The ‘Hindsight’ Question:
1) Is (was) the “gatekeeper” disparagement of the Commission a system challenge or a jurisdictional conflict between institutional and legal experts?
Some research has identified a surprising and frequently conflictual relationship between the OHRC as an institutional body and the conscious efforts of human rights lawyers to deploy their expert knowledge and make jurisdictional claims. While we might anticipate a community of interest between human rights lawyers and the Human Rights Commission, their divergent interests in how to define and achieve discrimination-free equality of opportunity situates them oppositionally. Furthermore, as a practice community, the professional goal of ensuring a structural role for independent lawyers in the complaint process reinforces their ideological analysis that the OHRC is failing in its social justice mandate.

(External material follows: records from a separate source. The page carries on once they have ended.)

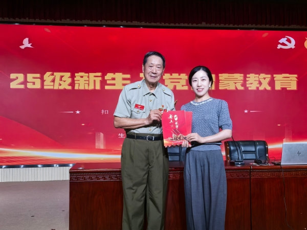 王一杰同志以“一生心向党,建功新时代”为主题,用亲身经历搭建起红色教育的桥梁。他结合战火纷飞年代的战斗记忆,深情讲述了自己在艰苦环境中坚守信仰、奋勇拼搏的经历,从硝烟弥漫的战场到和平时期的岗位坚守,每一段故事都饱含着对党的忠诚与热爱。朴实的语言、真挚的情感引发新生强烈共鸣,现场不时响起阵阵掌声,成为对老党员崇高精神的由衷致敬。王一杰同志还代表松江区老兵讲故事宣讲团,向生药系赠送《老兵讲故事》一书,希望以红色书籍为载体,让新生在文字中感受老兵精神、传承红色基因。随后,杜孟静以“我心向党,不负韶华”为题,围绕“如何端正入党动机”,结合新生学习生活实际,从“入党的初心是什么”“如何以行动向党组织靠拢”等方面展开讲解,引导新生将个人理想与党的事业、国家发展紧密结合,明确在新时代背景下青年学子的责任与担当。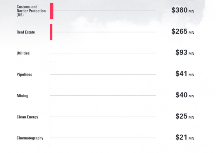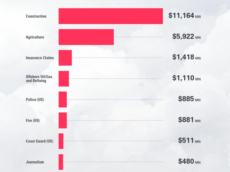 下图显示了无人机在美国的商用和政用用途,及其市场价值。无人机在美国在建筑业、农业、保险、石油等行业已经有了千万美元级的市场。但是在零售、采矿、电影制作等商用和政用领域,市场还没有完全打开。
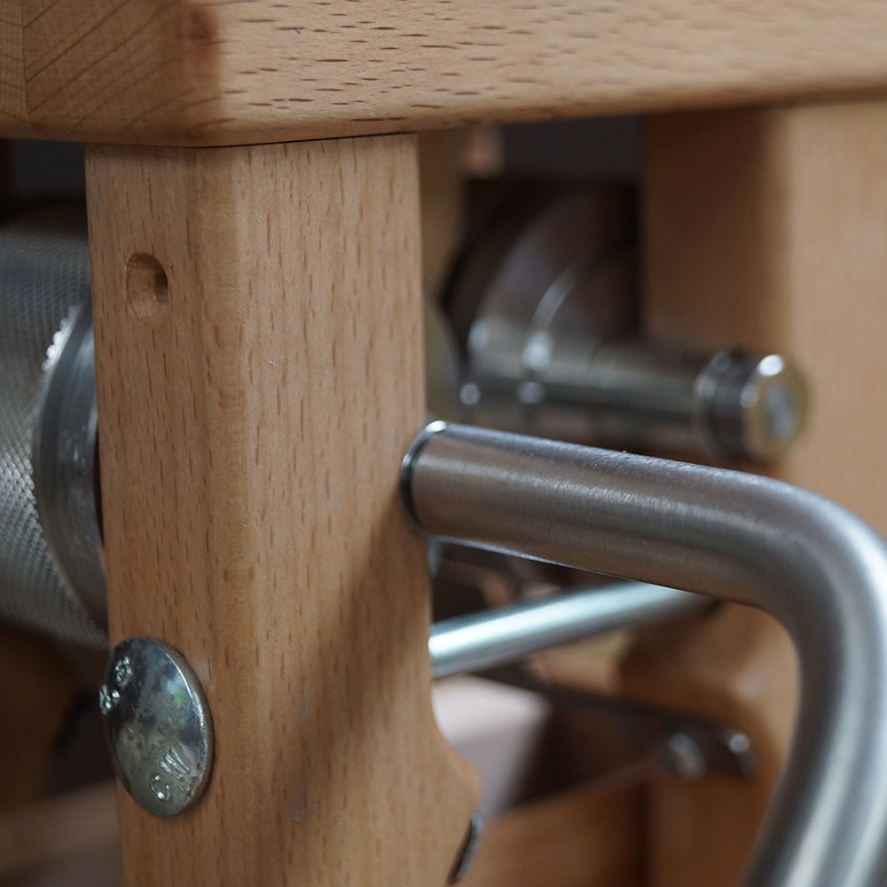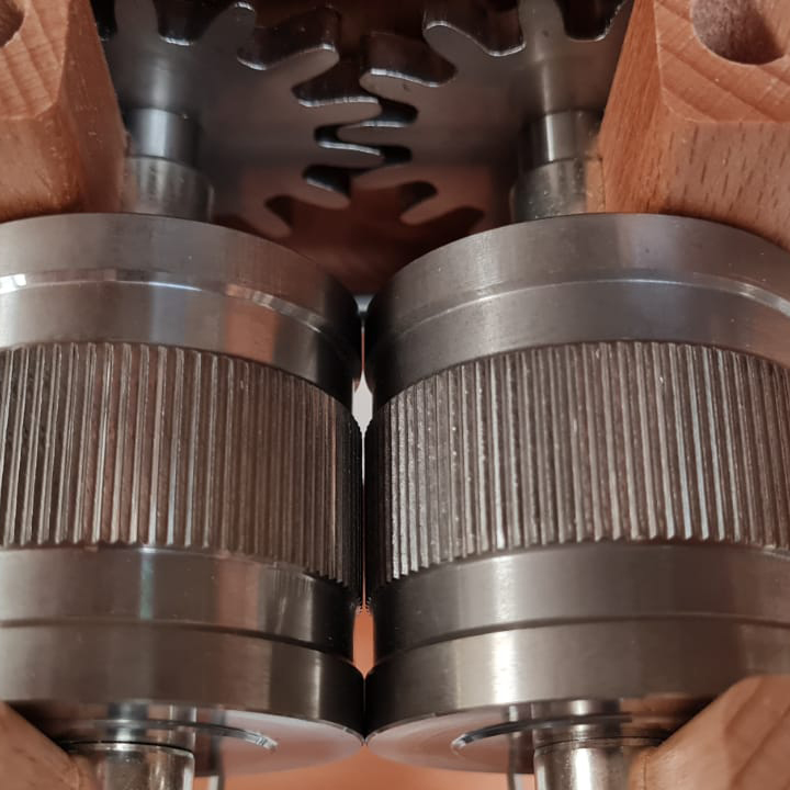 The two rollers made of nickel-free stainless steel move in opposite directions, with the left roller driven by the hand crank. The inner thread of the crank runs outward, the power transmission occurs from the front side of the crank thread to the front side of the roller. Thus, inner and outer threads remain free of force locks. Both rollers have 2 smooth round surfaces, which have a larger diameter than the knurls. This can prevent damage to the knurls during forceful fine adjustment. The opposing knurls cause the crushing process. - Gears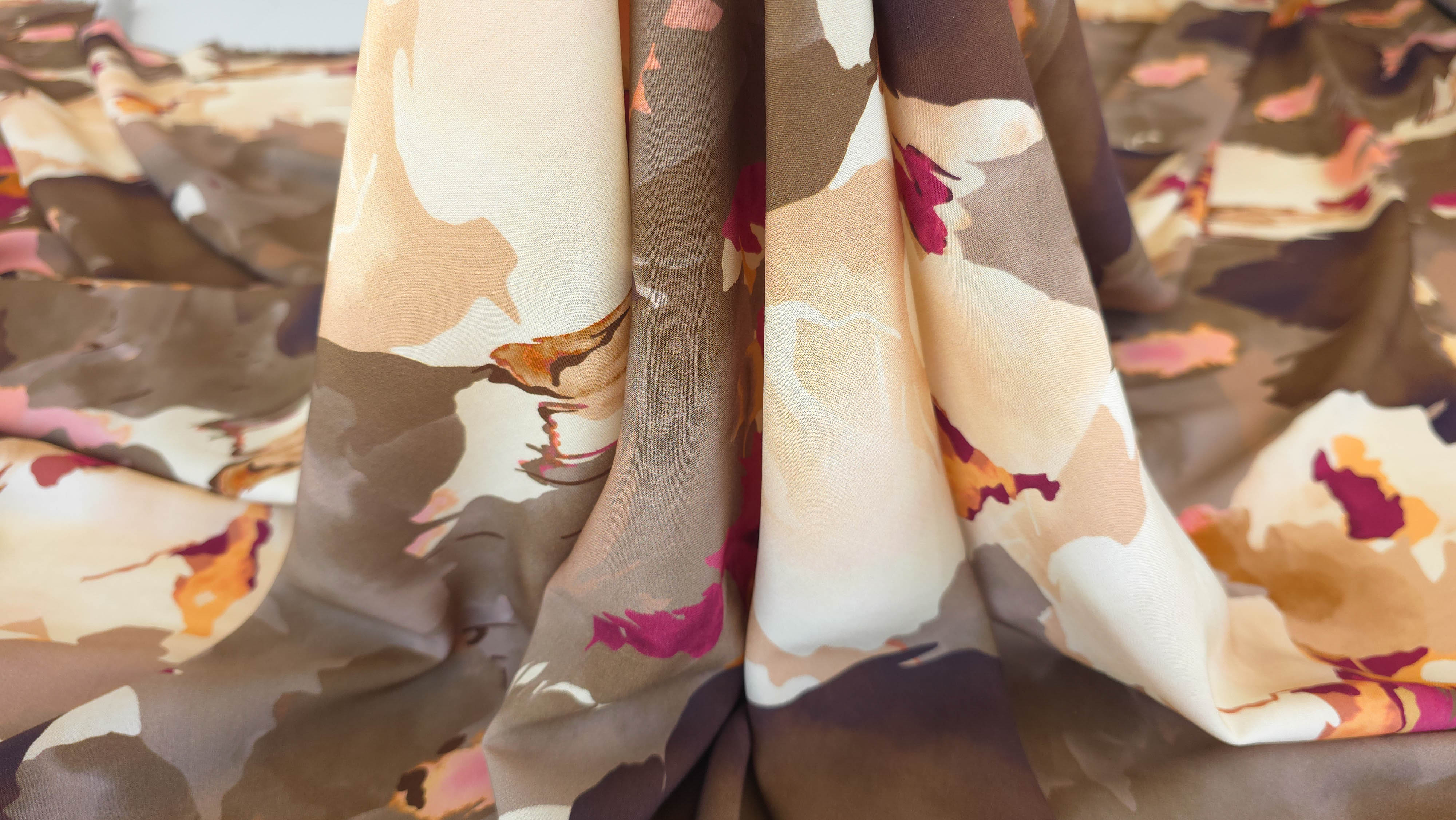 Satin mat din vascoza Bronzia, ușor, subțire și ideal pentru sezonul cald. Materialul are o textură fină, aspect mat și o cădere frumoasă, fiind confortabil și respirabil. Recomandat pentru rochii de vară, bluze lejere, salopete fluide sau fuste vaporoase, acest material oferă libertate de mișcare datorită conținutului de elastan. Imprimeul adaugă prospețime și un aer modern ținutelor de zi. Perfect pentru creații casual, feminine și ușor de purtat. Vă invităm să ne urmăriți și pe rețelele de socializare pentru a rămâne informați cu privire la ultimele noastre actualizări, oferte exclusive și surse de inspirație. Alăturați-vă comunității noastre online pe Facebook și Instagram. Vă așteptăm cu drag!

These perspectives infuse their interactions with individual clients and with Commission staff. Rosanna Langer, has concluded that these intermediaries have multiple layers of motivation as they negotiate the boundaries of complaint administration.
One attraction of the Commission processes as it was configured is the assurance of neutral (non-advocate, non-adversarial) communicative interactions which open up the possibility for contextual problem-solving. Skip this step and you are before an adjudicator, where issues are rarely resolved, but rather ruled upon, representing both a disempowerment of the parties, and a considerably narrower constellation of remedies, none of them necessarily engaging the public interest. Characterized in this way, one can argue that the decoupling of the individual complaint from the other Commission functions will result in undermining public interest goals by encouraging a privatized view of wrongs which impact not only the individual, but also the workplace environment and the public atmosphere more broadly.
Without gloss over the issues of gatekeeping and delay that certainly reveal the limitations of the system as currently conceived, it must still be acknowledged that the commission system cannot be expected to bear the full weight of responsibility for achieving anti-discrimination social goals. Government-sponsored anti-discrimination enforcement must be situated within a broader set of common practices such as municipal accessibility plans, e.g. those stipulated under the Ontarians with Disabilities Act, progressive employment legislation, in-house corporate and employer anti-discrimination and anti-harassment ‘best practices,” and community-based educational initiatives. A healthy network of anti-discrimination practices is the best insurance of a vital normative fabric of human rights protections. This reasoning calls for expanding not diminishing them. (Reference – Rosanna Langer, Ph.D., Laurentian University, Law and Justice Dept.)